Figures showing that nurses and auxiliary staff in Scotland’s NHS get a better deal than in NHS England have underlined the importance of Scotland being able to make its own choices, claims SNP MSP Dr Aileen McLeod.
A Scottish Parliament Written Answer - additionally confirmed by SPICE - has revealed that a typically paid nurse in Scotland will earn £23,363 in April 2015, compared to £22,903 in England, a difference of £460.
Further confirming the fact that NHS staff get a better deal in Scotland the Written Answer also reveals that the lowest paid NHS staff in Scotland will earn £1,064 more than their counterparts in England, in part due to the application of the Living Wage in Scotland. Posts in these bands include; auxiliary nurses, domestic assistants and administrative staff.
Welcoming these findings, Dr McLeod – who asked the question and is a member of the Health and Sport Committee – said: “These are encouraging figures confirming that Scotland’s National Health Service is in good hands.
“With better paid nurses and better paid vital auxiliary staff than south of the border we can take confidence and pride in the fact that NHS Scotland is well placed to ensure that people receive the highest standard of care possible.
“Meanwhile NHS Scotland has more nurses per head of population and is outperforming its counterparts south of the border when it comes to waiting times for the kind of common procedures that most patients need.

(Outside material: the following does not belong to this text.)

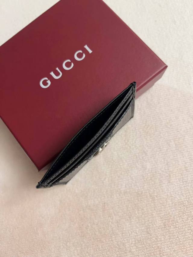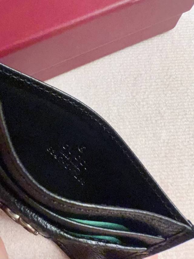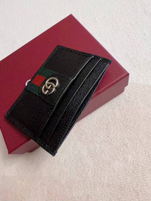 The premium new Ophidia collection features a revolutionary black colorway and refined leather, showcasing the brand's iconic silhouette with new functionality. This card holder is crafted from soft leather with a natural sheen, expertly embellished with the Double G logo and Web detailing.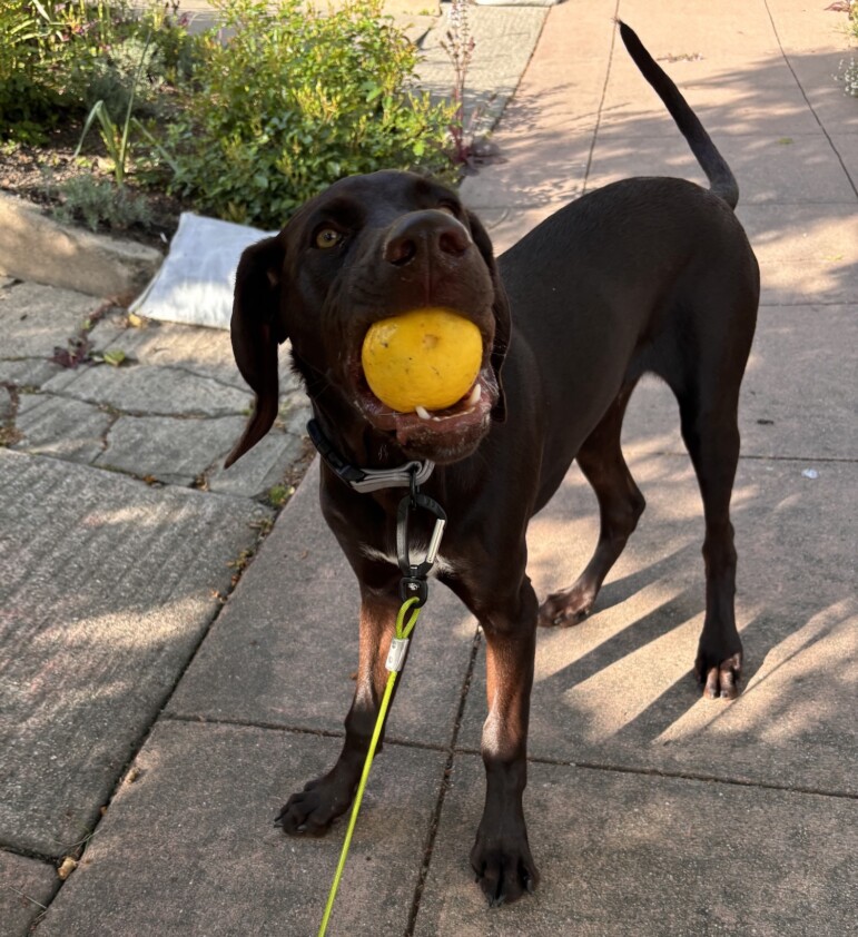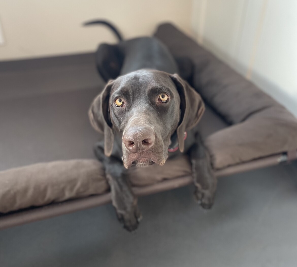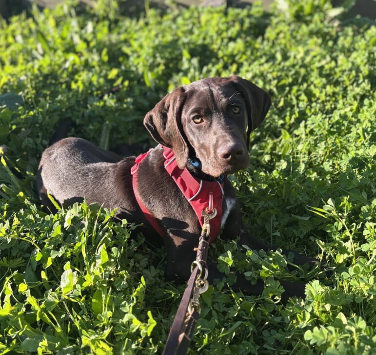 Adoption story: After scouring the media (Instagram) we found a Pointador breeder in Arizona. When we met the puppies, one in particular was very engaging, friendly, and super playful. Of course, despite our meticulous planning to arrive home on time, he happened to be the largest puppy, and he couldn’t fit in the carrier that we had purchased for the trip. After a few mishaps (a trip to the local pet store for a new carrier, a missed flight home, and failing to video the kids’ first interaction), Moose became the newest member of the Joseph family.

“By having full responsibility for health we have been able to protect the NHS in Scotland from the deeply damaging privatisation agenda that is undermining services south of the border.
“It is one of the clearest demonstrations possible that where decisions are made in Scotland, they reflect the priorities of people living here.
“With a Yes vote in September, it will be people in Scotland that are ultimately responsible for every decision affecting Scotland – not a Westminster system that has long since shown itself to be at odds with Scotland’s needs.”